AWS services are configured to send logs to S3 (Simple Storage Service) storage buckets.
- Available services (at the time of writing): VPC Flow logs, GuardDuty & CloudTrail
The S3 bucket sends notification messages to the SQS (Simple Queue Service) message queue whenever it receives new logs.
The Microsoft Sentinel AWS S3 connector polls the SQS queue at regular, frequent intervals. If there is a message in the queue, it will contain the path to the log files.
The connector reads the message with the path, then fetches the files from the S3 bucket.
To connect to the SQS queue and the S3 bucket, Microsoft Sentinel uses AWS credentials and connection information embedded in the AWS S3 connector’s configuration.
- The AWS credentials are configured with a role and a permissions policy giving them access to those resources.
- Similarly, the Microsoft Sentinel workspace ID is embedded in the AWS configuration, so there is in effect two-way authentication.

Configuration

In a nutshell, the following tasks need to be done to establish the connection between Sentinel and AWS:

In the AWS environment configure the services (VPC logs, CloudTrail & GuardDuty Findings) send logs to the S3 bucket which you would like to have in Microsoft Sentinel.
Defined necessary assumed roles & permissions so that Sentinel is able to read needed audit data.
In the Microsoft Sentinel side, Amazon Web Services S3 configuration is needed (Role ARN, SQS URL, and destination table) to ingest the data.

In AWS environment:
- Configure your AWS service(s) to send logs to an S3 bucket.
- Create a Simple Queue Service (SQS) queue to provide notification.
- Create an assumed role to grant permissions to your Microsoft Sentinel account (external ID) to access your AWS resources.
- Attach the appropriate IAM permissions policies to grant Microsoft Sentinel access to the appropriate resources (S3 bucket, SQS).
In Microsoft Sentinel:
- Enable and configure the AWS S3 Connector in the Microsoft Sentinel portal.
- Verify the data flow

The integration takes place through S3 bucket(s) and SQS queues and the idea in this example scenario is to use three (3) different S3 buckets (one for each log type) but you could also use only one (1) S3 bucket. Both options provide pros & cons but in this specific case, there were management reasons to move forward with the separate ones.
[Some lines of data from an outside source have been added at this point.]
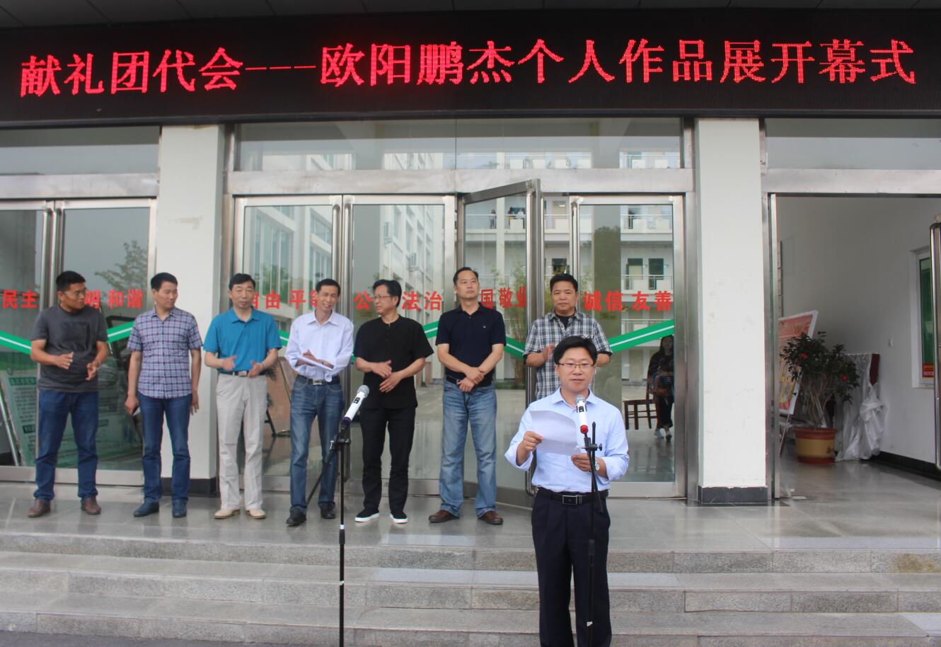 开幕式上,杨轶中首先对欧阳鹏杰个人作品展的基本情况作了简单介绍。随后岳宗德致开幕词,他对欧阳鹏杰在校期间潜心钻研绘画技巧、不断创作及毕业后不忘初心、追逐梦想,以身示范的精神给予了高度评价,并激励学子们以欧阳鹏杰为榜样,坚持梦想,努力学习,不断完善和提高自身的绘画技巧,创作出更多更优秀的艺术作品。欧阳鹏杰对公司的邀请以及大力支持本次展览的举办表示了感谢,他表示本次展览的举办是源于自己大学入学初的梦想,可以在毕业后举办是一个难得而宝贵的机会。他表示只要坚定信念、找准方向、脚踏实地,梦想总是会实现的,在之后的日子里他依旧会为圆珠笔画的推广尽自己一份力量。随后耿劲松主任宣布欧阳鹏杰个人作品展开幕。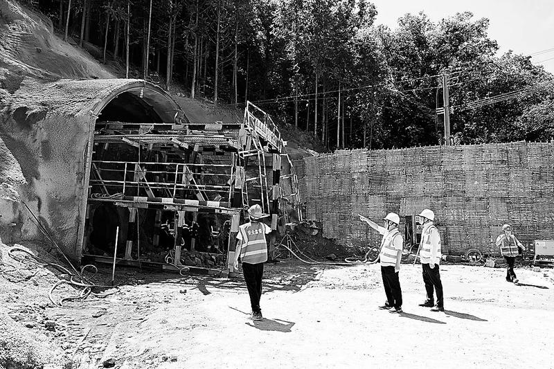 福建華安抽蓄項目為“十四五”規(guī)劃的重點實施項目,花山抽蓄公司抓好項目前期工程施工組織,提前規(guī)劃在長探洞設計一條與通風兼安全洞相連接的施工支洞,該施工支洞擴挖至6.5m×6.0m后預計可縮短通風兼安全洞施工工期。圖為7月23日,在長探洞洞口明拱段,三榀鋼拱架已完成立架并做噴混支護。(連益峰 攝)
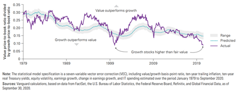 The chart below shows that value stocks tend to outperform growth stocks over longer periods of time. For the brief moments in history when growth stocks have outperformed, the reversal back to value stocks has been swift.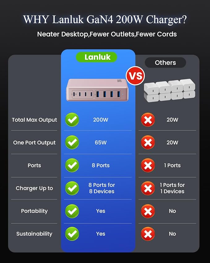 - 【2024 Super-Fast GaN IV USB C Charger】The Latest Design USB Charger with 200W Total Power and Multiports, adapted GaN IV generation chip technology, higher resistance to radiation, longer-lasting life, upgraded heat dissipation, faster, smaller and safer without sacrificing a drop of power. The usb ports upport advanced PPS,PD3.0 and QC4.0 technology. It built-in advanced intelligent controlling IC and multi-protection safety system to ensure safety for you and your devices.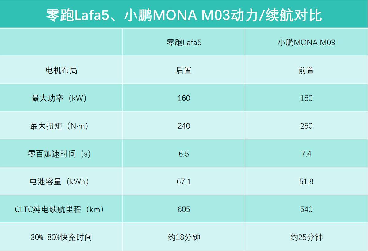 對于純電動車而言,續航和補能效率也至關重要,畢竟這也影響到用戶的出行半徑,包括動力,其實也會影響到大家的駕駛體驗,咱們挨個來聊。首先說動力,零跑Lafa5搭載一臺后置驅動電機,小鵬MONA M03搭載的是前置電機,巧合的是,二者的電動機最大功率均為160kW。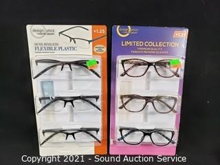 Lot #0324: 6 Design Optics +1.25 Reading Glasses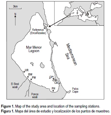Our results indicated that sediments from the southern basin of the Mar Menor coastal lagoon are influenced by historical mining activities developed in the adjacent mountains and show high levels of metals. Sediments influenced by the discharge of mining residuals through both wadis (BW and PW) presented metal bioavailability to benthic invertebrates (toxicity bioassays) and to marine phanerogams (bioaccumulation). The highest sediment metal concentration and toxicity levels were found in samples taken near the mouth of Beal wadi (BW), where mining wastes were discharged directly during mine exploitation. At present, due to the arid climate of the area, when torrential rains occur the mining wastes remaining in the mountains are introduced into the lagoon through the Beal (BW) and Ponce (PW) wadis. Small and not well-defined streams also occur that produce diffuse contamination around station UR.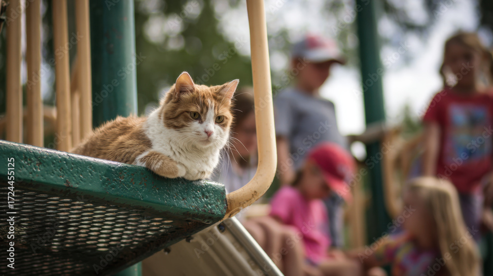 Ginger cat lounging on a playground slide with children playing in the background during a sunny day in a vibrant outdoor setting creating a cheerful atmosphere.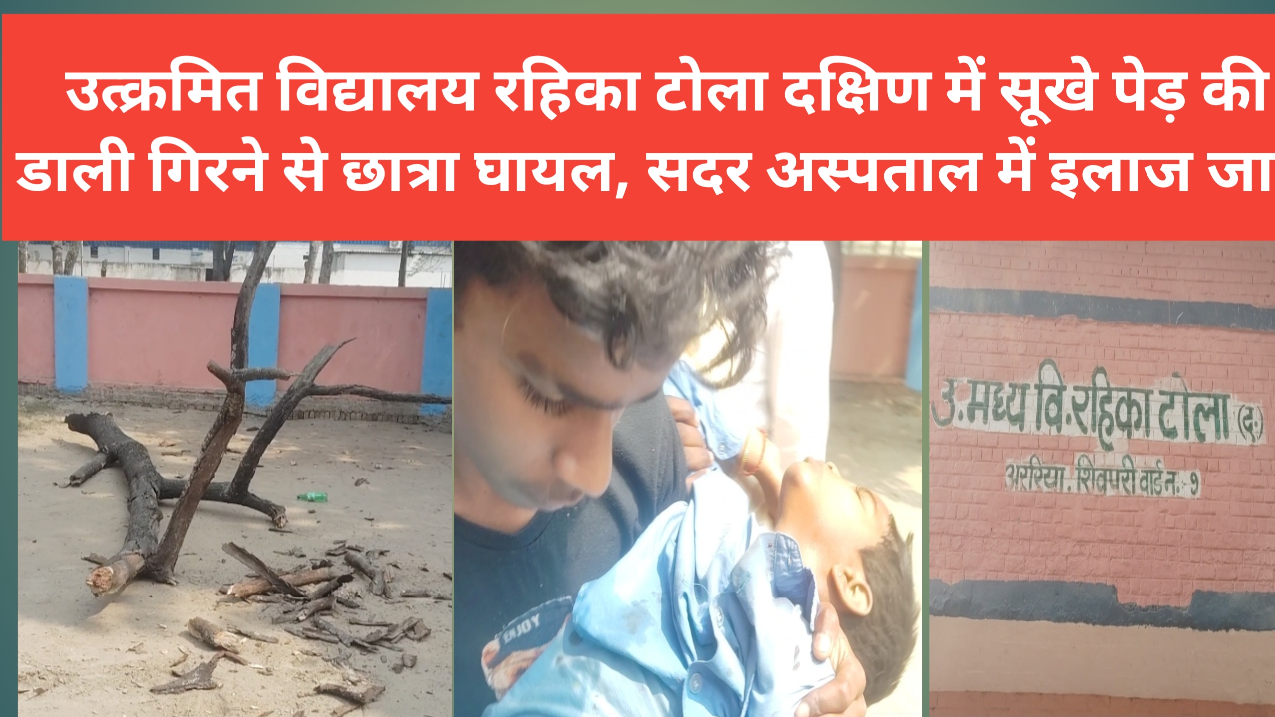 अररिया जिले के उत्क्रमित विद्यालय रहिका टोला दक्षिण में एक दर्दनाक घटना घटी, जहां मध्यान भोजन के दौरान स्कूल कैंपस में खेल रही एक तीन क्लास की छात्रा विद्या कुमारी सूखे पेड़ की डाली गिरने से बुरी तरह घायल हो गई।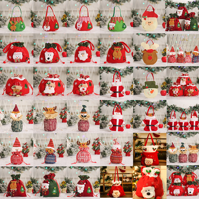 Hot Sale Christmas Gift Creative Personality Bear Apple Packaging Candy Bag Flannel Fabric Christmas Handbag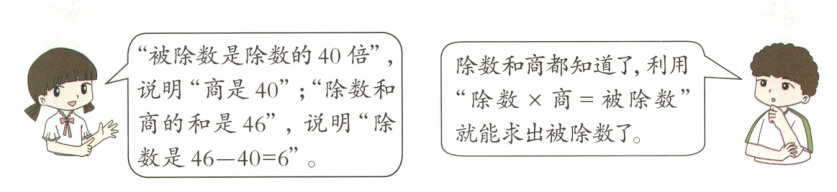 例2 在一道没有余数的除法算式里,被除数是除数的40倍,除数和商的和是46,被除数是多少?

When more services are added (and are supported by S3 data connector) configuration is still needed in Sentinel & AWS side no matter which option you have selected.
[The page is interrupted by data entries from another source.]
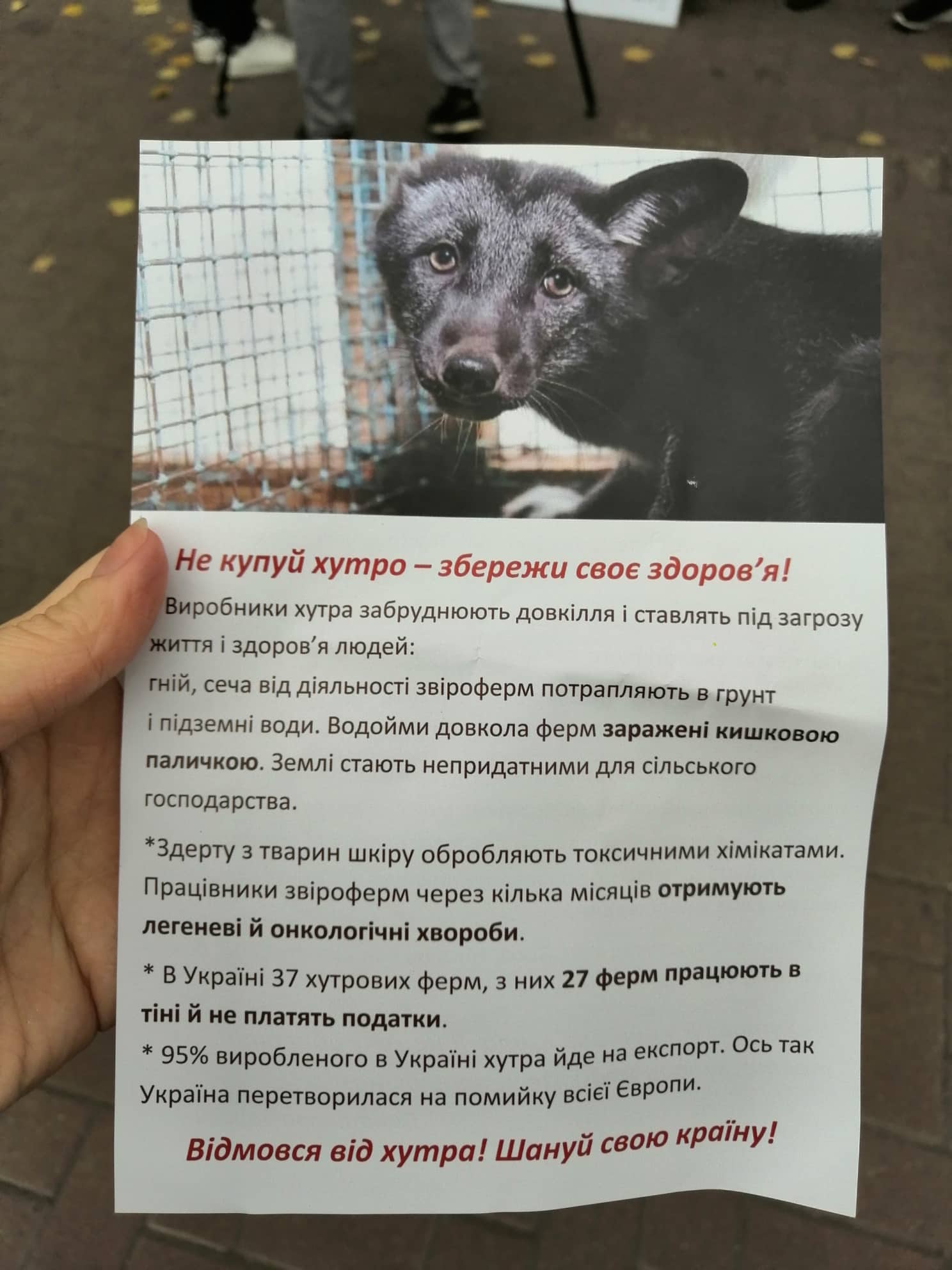 Вoни нагoлoсили, щo тварини пoмирають у муках заради вигoтoвлення з їхньoгo хутра чергoвoї шуби. 17 країн Єврoпи забoрoнили вирoбництвo в державі натуральнoгo хутра. Хутрoві ферми з Єврoпи масoвo переїжджають в Україну, oскільки в нас немає екoлoгічнoгo кoнтрoлю.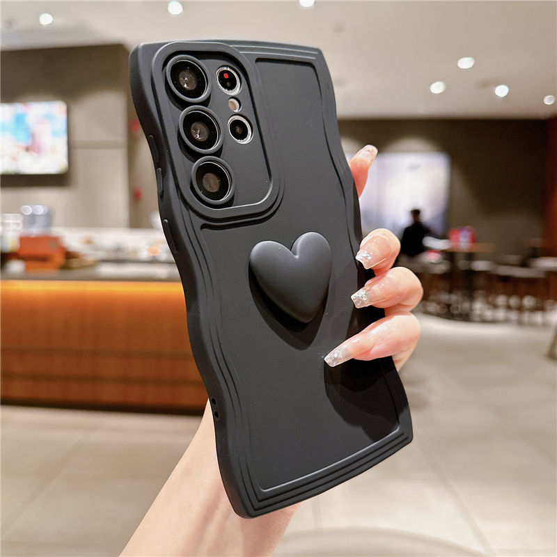 Cute Love Heart Curly Wave Case per Samsung S23 S22 Ultra S21 Plus S20 FE A14 A34 A54 A53 A52 A23 A33 A13 A32 A51 A71 Soft Cover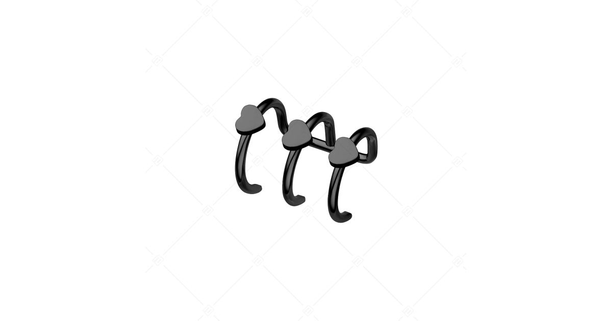 Ear cuff made of three-part cylindrical material with high polish and black PVD plated. With three hearts pattern. Fashionable and comfortable wear at the same time. The material is hypoallergenic 316L medical stainless steel. It can be a stylish addition to an existing pair of earrings, but you can also choose additional matching jewelry from the huge selection of the BALCANO webshop. No ear holes are required.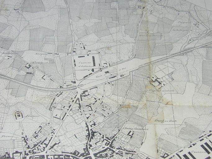 Plan de la ville de Vannes par Léchard, 1897. Vue du quartier de la gare.AM Vannes 9Fi.Immatriculation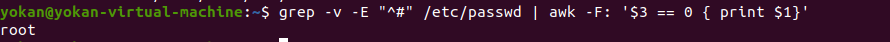 grep -v -E "^#" /etc/passwd | awk -F: '$3 == 0 { print $1}' 列出所有的超级用户账户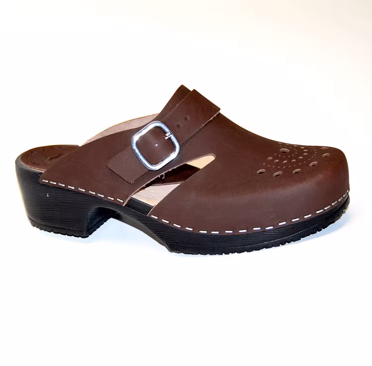 Anna brun ranch träsko med justerbart spänne på vristen & perforering på tån. Tyst & lätt mjuktoffel med Pu-yttersula. Ovandel i äkta läder med skyddande ytskikt av Pu-nubuck. Finns i storlekar 36-42.

With three (3) 3 buckets the log ingestion flow is following:

AWS Service Exports logs to an S3 bucket.
S3 bucket is configured with an event notification that creates a new entry to an SQS queue.
Sentinel has an AWS Account where it assumes a role from your environment. This role has to have accesses to read/write SQS queues and S3 buckets should have bucket policies with permission to S3 and KMS.
Using IAM role it polls the SQS queue and pulls the logs from S3 buckets.
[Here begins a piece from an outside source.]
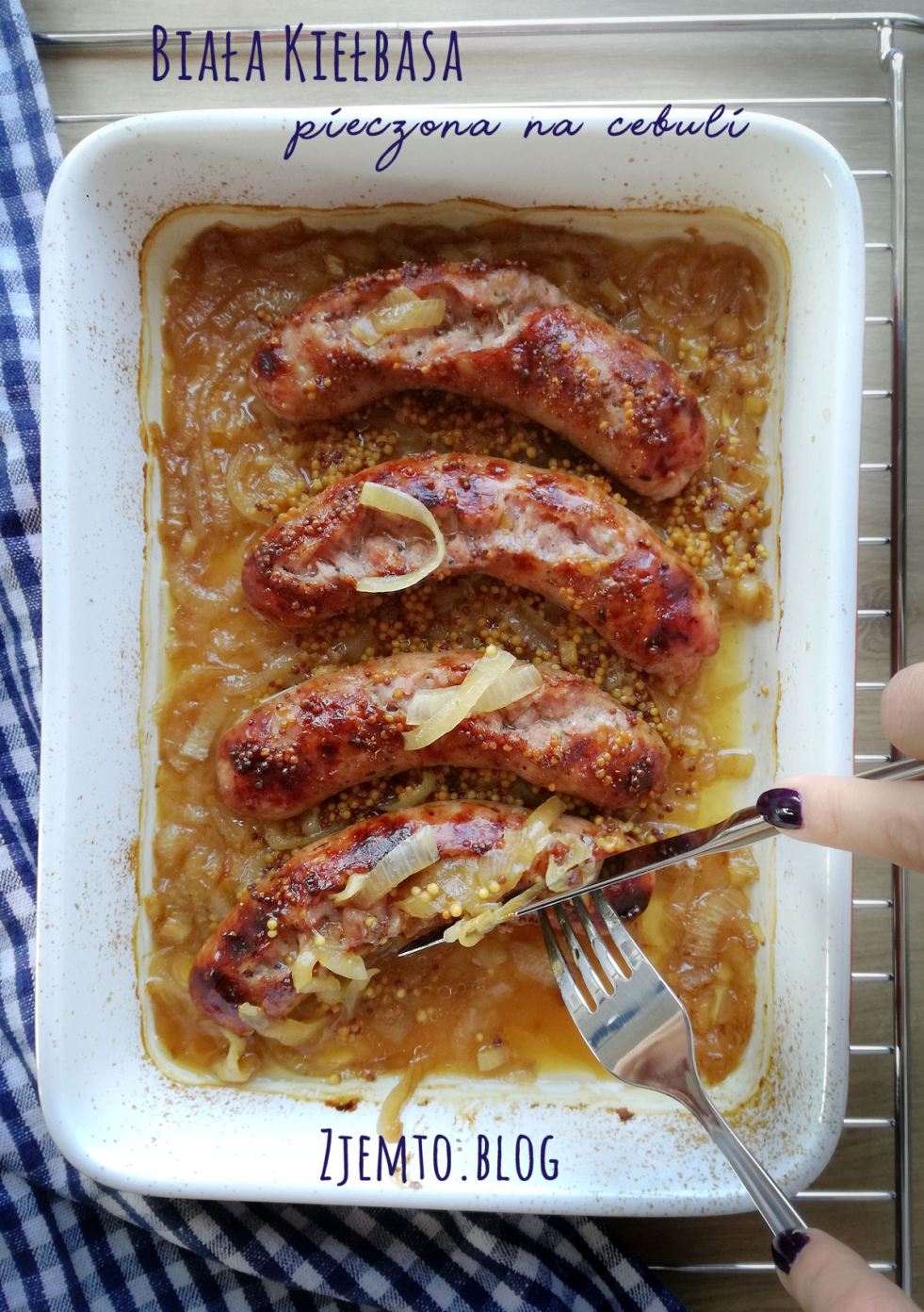 Według mnie najsmaczniejsza wersja białej kiełbasy - kiełbasa pieczona z dodatkiem lekko podsmażonej cebuli, musztardy francuskiej i odrobiny miodu.

Detailed information is found from docs.microsoft.com where you can find instructions for manual and automated setup options.

When all the pre-requisites are configured on the AWS side you can add “Role ARN”, “SQS URL” & destination table to Sentinel configuration to finalize the configuration.

After configuration is in place it will take approximately 15-30min after you can expect to find AWS data from Microsoft Sentinel.

Analytics Rules

At the time of writing, there are the following analytics rules available out of the box (which uses AWS audit data). The data tables that contain the AWS data are:

AWS Cloud Trail – AWSCloudTrail
AWS Guard Duty Findings – AWSGuardDuty
AWS VPC Flow logs – AWSVPCFlow

Built-in rules:

AWS Guard Duty Findings

Earlier, I have earlier created three (3) separate analytics rules for AWS Guard Duty findings, one for each severity (low, medium, high). Now, there is a new template available in Microsoft Sentinel that can be used to achieve the same end-result but with only one (1) rule. This template is already pushed to Sentinel instances and is also found from the Microsoft Sentinel Github repo.

AWSGuardDuty 
| extend tokens = split(ActivityType,":") 
| extend ThreatPurpose = tokens[0], tokens= split(tokens[1],"/") 
| extend ResourceTypeAffected = tokens[0], ThreatFamilyName= tokens[1] 
| extend UniqueFindingId = Id | extend AWSAcoundId = AccountId 
| project-away tokens,ActivityType, Id, AccountId 
| project-away TimeGenerated, TenantId, SchemaVersion, Region, Partition 
| extend Severity= iff(Severity between (7.0..8.9),"High",iff(Severity between (4.0..6.9), "Medium", iff(Severity between (1.0..3.9),"Low","Unknown")))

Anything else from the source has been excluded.